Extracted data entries
-- Opening Marker --

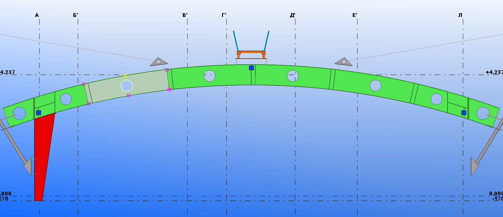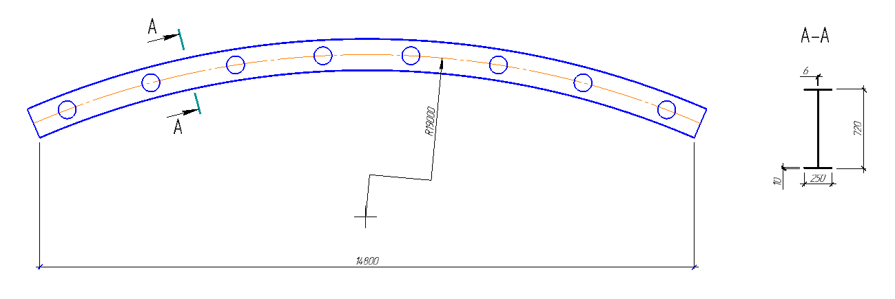 Вот недавно сделал что-то похожееAntonio писал(а):Аналоичный вопрос: стоит задача сделать чертежи на сварные балки со строительным подъемом. суть проблемы: строительный подъем 33 мм. на 10-12-ти метровых балках, радиус ооочень большой 200-260 метров. решить задачу было решено применением "криволинейной балки", но возникла проблема со стенкой: в спецификации ее ширина учтена как конечная ширина заданная в параметрах балки при ее создании, но ведь "кривую" будут вырезать из нормального листа, который имеет размер на 33 мм. больше (на величину строительного подъема). как результат перевод в автокад и исправление чертежа и спецификации там, что мягко говоря не удобно. попробовал создать балку контурной пластиной или обрезать прямоугольную деталь многоугольником, но ничего не получилось. подскажите, как правильно создать такую балку?
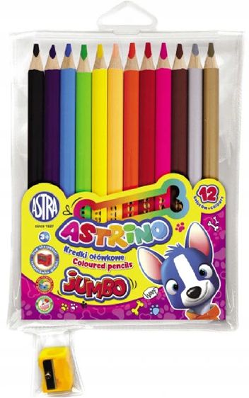Kredki ołówkowe okrągłe Jumbo ASTRINO - 12 kolorów + temperówka HURT
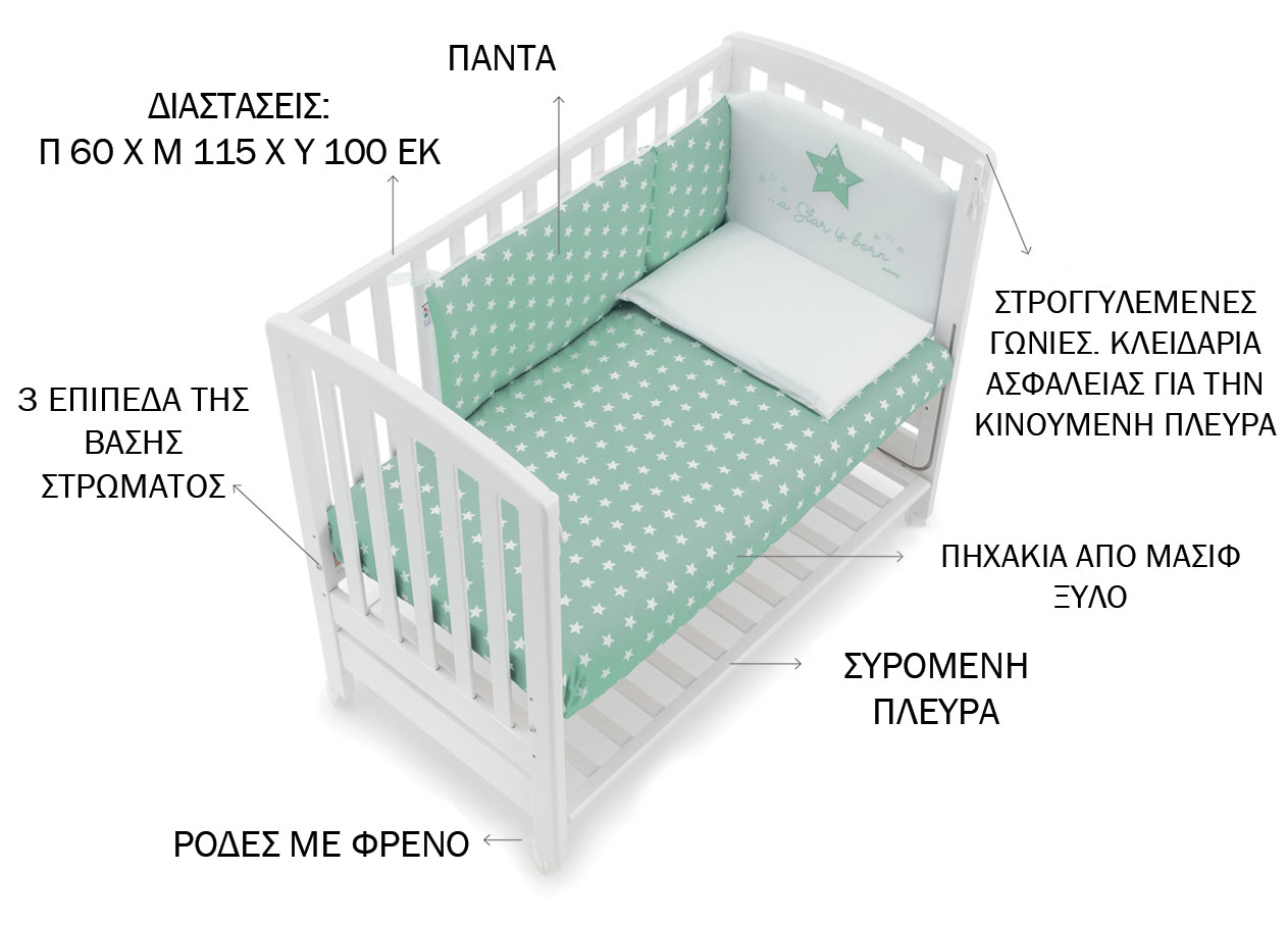 Διαστάσεις κρεβατιού: 60 x 115 x 100 cm
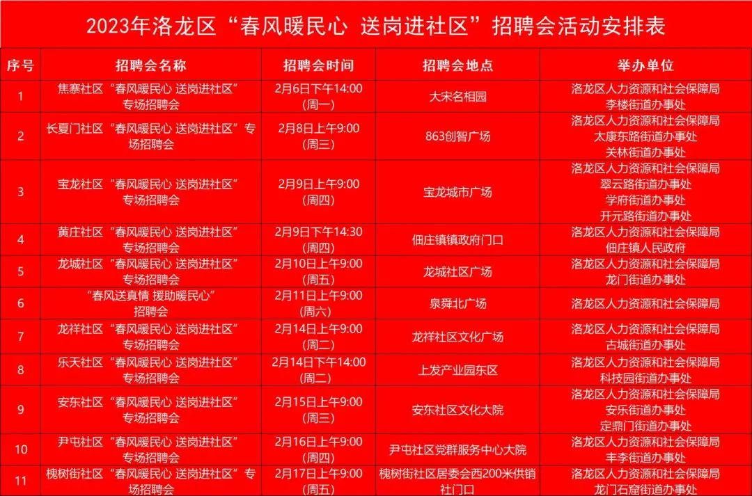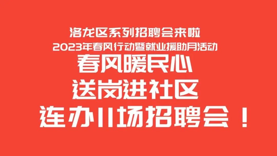 洛龙区“春风暖民心,送岗进社区”系列招聘会活动来了,此次活动共计11场!报名参会单位406家,提供岗位15369个!活动均选在辖区内各镇办人流量大的商圈和社区广场。
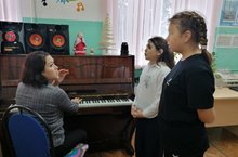 На занятие по вокалу, в студию "Юные таланты" приглашаются по двое и трое детей обучающихся для того, чтобы подготовить юных вокалистов к исполнению дуэтом или трио. Обучающиеся должны слышать рядом стоящего товарища и пытаться построить терцию. Педагог Заслуженный работник культуры РТ - Валиева Г. И. 18.11.2022
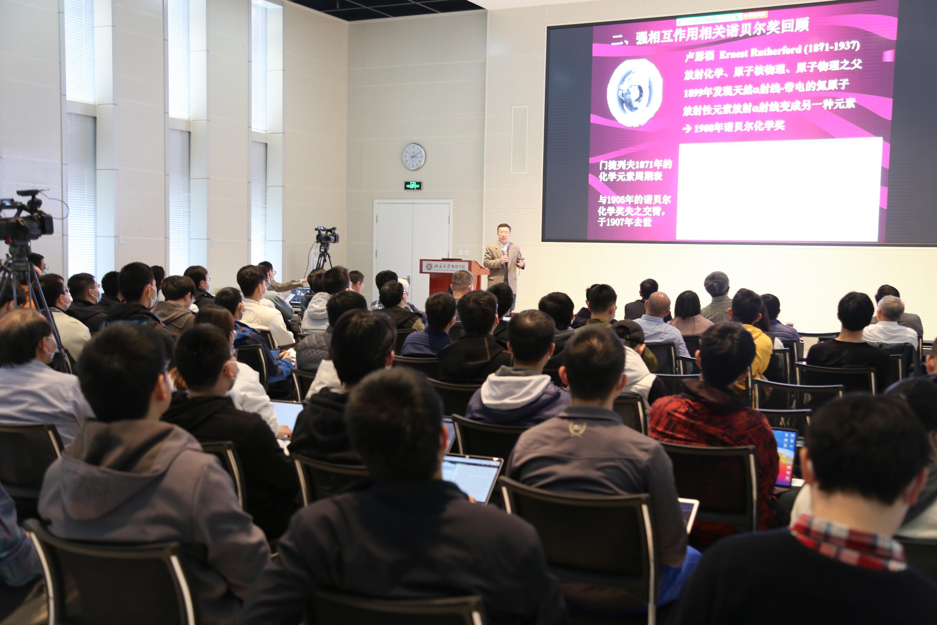 邹冰松院士围绕强相互作用的过去、现在、未来这一主线,首先概述了百余年来人们对物质相互作用的认识历程,指出强相互作用决定了强子、原子核两个物质微观基本层次的结构,也是基本粒子、宇宙天体演化物理的重要组成部分。然后,从欧内斯特·卢瑟福(Ernest Rutherford)对原子核物理的贡献展开,通过介绍十几位诺贝尔物理学奖获得者拓展和加深认识强相互作用的历程,深入浅出地讲述了强相互作用研究发展过程中里程碑式的工作。最后,阐述了强相互作用的强子结构、核素图、量子色动力学(QCD)的相结构等三个基础研究前沿领域的研究概况,展望了强相互作用在核天体物理、标准模型在核物理中的检验、核技术等交叉领域的应用前景。邹冰松院士着重描述了北京正负电子对撞机重大改造工程(BEPCII)、强流重离子加速器装置(HIAF)等国家重大科技基础设施的建设与发展,指出理论研究和实验研究的紧密结合促使我国在强相互作用物理领域占据重要一席之地;他勉励青年师生积极把握时机,潜心研究,勇于挑战未解之谜,力争做出原创性、突破性的工作。
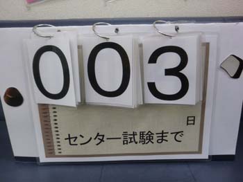 16 January センター試験まで あと3日!! こんにちは。ナカニシです。 センター試験まで、とうとう残り2日と半日ほどになりました。みんなの頑張りは力となって結果に表れるはず!試験日までに必ず1度は今まで解いてきた問題を見直して下さい。解きっぱなしでは、なかなか成長はしません。同じ間違いをしないように、何度も解き直しましょう。学ぶことは出会うことです。人と同じで、何度も出会う人の方が頭に残るものだし、初対面の人と接するのって、やっぱり難しいですよね。センター試験本番で、「初めまして。」を言わずにすむように残された時間の中で多くの問題に出会って下さい。今さらやったって・・・と落ち込んでしまう人もいるかもしれませんが、とにかく、やるしかない!!!!!最後まで悪あがきしてやりましょう!今日は北山教室で鏡開きを行いました! あんこ に のりチーズと なかなか豪華な様子。この時期に食べるおもちって本当においしいですよね。それでは、体調にだけは気をつけてください。体調を崩さない。ケガをしない。寝坊もしない。忘れ物もダメ。当たり前のことですが、センター試験当日では、いつも以上に気をつけること!ナカニシ [0回] 2013/01/16 (Wed) 13:42 アスクでのこと Comment(0)
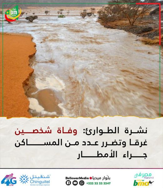 أعلنت اللجنة الفنية المكلفة بمتابعة أعمال اللجنة الوزارية الخاصة بتسيير الطوارئ، اليوم الجمعة، وفاة شخصين غرقا بكل من مقاطعتي مقامة ومونكل بولاية غورغول، وتسجيل خسائر مادية في مقاطعة باسكنو بولاية الحوض الشرقي جراء الأمطار الأخيرة.
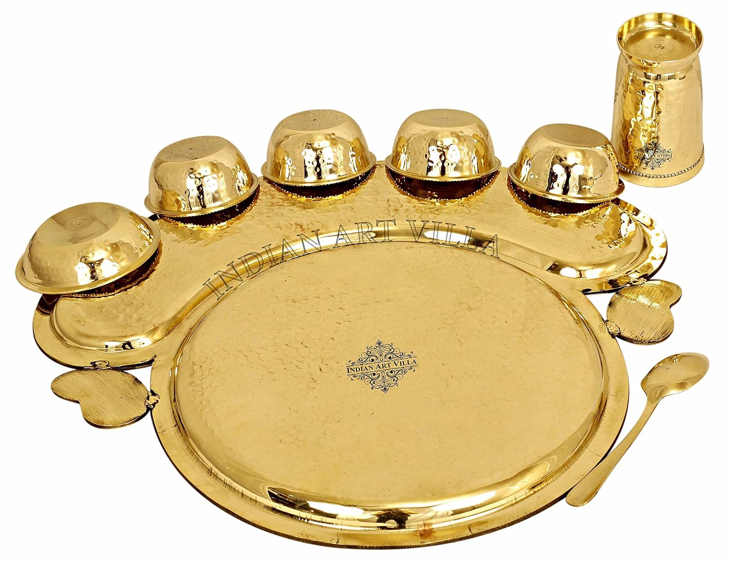 • 🍽️ Indian Art Villa Pure Brass 8 Pieces Maharaja Dinner Set/Thali Set of 1 Big Plate, 1 Glass, 1 Spoon, 1 Small Plate & 4 BowlsColor- Gold

-- Closing Marker --

Brief |
For each line above, output its wording exactly and leave out any picture.

Exercise output |
 Вот недавно сделал что-то похожееAntonio писал(а):Аналоичный вопрос: стоит задача сделать чертежи на сварные балки со строительным подъемом. суть проблемы: строительный подъем 33 мм. на 10-12-ти метровых балках, радиус ооочень большой 200-260 метров. решить задачу было решено применением "криволинейной балки", но возникла проблема со стенкой: в спецификации ее ширина учтена как конечная ширина заданная в параметрах балки при ее создании, но ведь "кривую" будут вырезать из нормального листа, который имеет размер на 33 мм. больше (на величину строительного подъема). как результат перевод в автокад и исправление чертежа и спецификации там, что мягко говоря не удобно. попробовал создать балку контурной пластиной или обрезать прямоугольную деталь многоугольником, но ничего не получилось. подскажите, как правильно создать такую балку?
Kredki ołówkowe okrągłe Jumbo ASTRINO - 12 kolorów + temperówka HURT
 Διαστάσεις κρεβατιού: 60 x 115 x 100 cm
 洛龙区“春风暖民心,送岗进社区”系列招聘会活动来了,此次活动共计11场!报名参会单位406家,提供岗位15369个!活动均选在辖区内各镇办人流量大的商圈和社区广场。
 На занятие по вокалу, в студию "Юные таланты" приглашаются по двое и трое детей обучающихся для того, чтобы подготовить юных вокалистов к исполнению дуэтом или трио. Обучающиеся должны слышать рядом стоящего товарища и пытаться построить терцию. Педагог Заслуженный работник культуры РТ - Валиева Г. И. 18.11.2022
 邹冰松院士围绕强相互作用的过去、现在、未来这一主线,首先概述了百余年来人们对物质相互作用的认识历程,指出强相互作用决定了强子、原子核两个物质微观基本层次的结构,也是基本粒子、宇宙天体演化物理的重要组成部分。然后,从欧内斯特·卢瑟福(Ernest Rutherford)对原子核物理的贡献展开,通过介绍十几位诺贝尔物理学奖获得者拓展和加深认识强相互作用的历程,深入浅出地讲述了强相互作用研究发展过程中里程碑式的工作。最后,阐述了强相互作用的强子结构、核素图、量子色动力学(QCD)的相结构等三个基础研究前沿领域的研究概况,展望了强相互作用在核天体物理、标准模型在核物理中的检验、核技术等交叉领域的应用前景。邹冰松院士着重描述了北京正负电子对撞机重大改造工程(BEPCII)、强流重离子加速器装置(HIAF)等国家重大科技基础设施的建设与发展,指出理论研究和实验研究的紧密结合促使我国在强相互作用物理领域占据重要一席之地;他勉励青年师生积极把握时机,潜心研究,勇于挑战未解之谜,力争做出原创性、突破性的工作。
 16 January センター試験まで あと3日!! こんにちは。ナカニシです。 センター試験まで、とうとう残り2日と半日ほどになりました。みんなの頑張りは力となって結果に表れるはず!試験日までに必ず1度は今まで解いてきた問題を見直して下さい。解きっぱなしでは、なかなか成長はしません。同じ間違いをしないように、何度も解き直しましょう。学ぶことは出会うことです。人と同じで、何度も出会う人の方が頭に残るものだし、初対面の人と接するのって、やっぱり難しいですよね。センター試験本番で、「初めまして。」を言わずにすむように残された時間の中で多くの問題に出会って下さい。今さらやったって・・・と落ち込んでしまう人もいるかもしれませんが、とにかく、やるしかない!!!!!最後まで悪あがきしてやりましょう!今日は北山教室で鏡開きを行いました! あんこ に のりチーズと なかなか豪華な様子。この時期に食べるおもちって本当においしいですよね。それでは、体調にだけは気をつけてください。体調を崩さない。ケガをしない。寝坊もしない。忘れ物もダメ。当たり前のことですが、センター試験当日では、いつも以上に気をつけること!ナカニシ [0回] 2013/01/16 (Wed) 13:42 アスクでのこと Comment(0)
 أعلنت اللجنة الفنية المكلفة بمتابعة أعمال اللجنة الوزارية الخاصة بتسيير الطوارئ، اليوم الجمعة، وفاة شخصين غرقا بكل من مقاطعتي مقامة ومونكل بولاية غورغول، وتسجيل خسائر مادية في مقاطعة باسكنو بولاية الحوض الشرقي جراء الأمطار الأخيرة.
 • 🍽️ Indian Art Villa Pure Brass 8 Pieces Maharaja Dinner Set/Thali Set of 1 Big Plate, 1 Glass, 1 Spoon, 1 Small Plate & 4 BowlsColor- Gold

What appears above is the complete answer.